Quantcast

Booze generates millions for Utah economy, study says

First Published Dec 05 2013 09:56AM      Last Updated Dec 05 2013 08:55 pm

(Keith Johnson | The Salt Lake Tribune) Colorful bottles of Spanish wines decorate the shelves of the State Wine Store in Salt Lake City, October 9, 2013. French wine scholar Sheral Schowe offers a 90 minute class at the wine store to help beginners and novices better navigate the wine store, find great deals and interpret wine labels from around the world.

Eighty years ago, today — on Dec. 5, 1933 — Utah became the 36th and deciding state to ratify the 21st amendment to the U.S. Constitution, ending prohibition and allowing liquor to flow legally across the country.

To mark the occasion, the Wine & Spirits Wholesalers of America (WSWA) took a look at how liquor affects Utah’s current economy.

The total economic impact is $658 million, according to the analysis prepared by New York-based John Dunham & Associates.

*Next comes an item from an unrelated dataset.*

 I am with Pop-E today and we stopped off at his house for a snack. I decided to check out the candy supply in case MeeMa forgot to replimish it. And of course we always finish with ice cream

The industry also provides 3,210 Utah jobs and generates $131 million in taxes, the report said.

"The 21st Amendment paved the way for the creation of the modern three-tier beverage alcohol regulatory system that today delivers the widest variety of products available to consumers anywhere in the world in a manner that is safe, well-regulated, and ensures reliable revenue streams for the states and federal government," WSWA President and CEO Craig Wolf said in a news release.

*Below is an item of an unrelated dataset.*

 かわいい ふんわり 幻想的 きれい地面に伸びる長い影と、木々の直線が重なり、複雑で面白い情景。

Wolf pointed out that even today in Europe, Asia and Latin America, consumers regularly suffer because of unsafe, adulterated or counterfeit beverage alcohol. He said these issues are non-existent in the United States largely because of the regulatory framework enacted by the states and federal government under the 21st Amendment.

WSWA is the national trade association representing the wholesale tier of the wine and spirits industry. Members distribute more than 70 percent of all wines and spirits sold at wholesale in the United States. About 30 Utahns work in liquor wholesaler firms.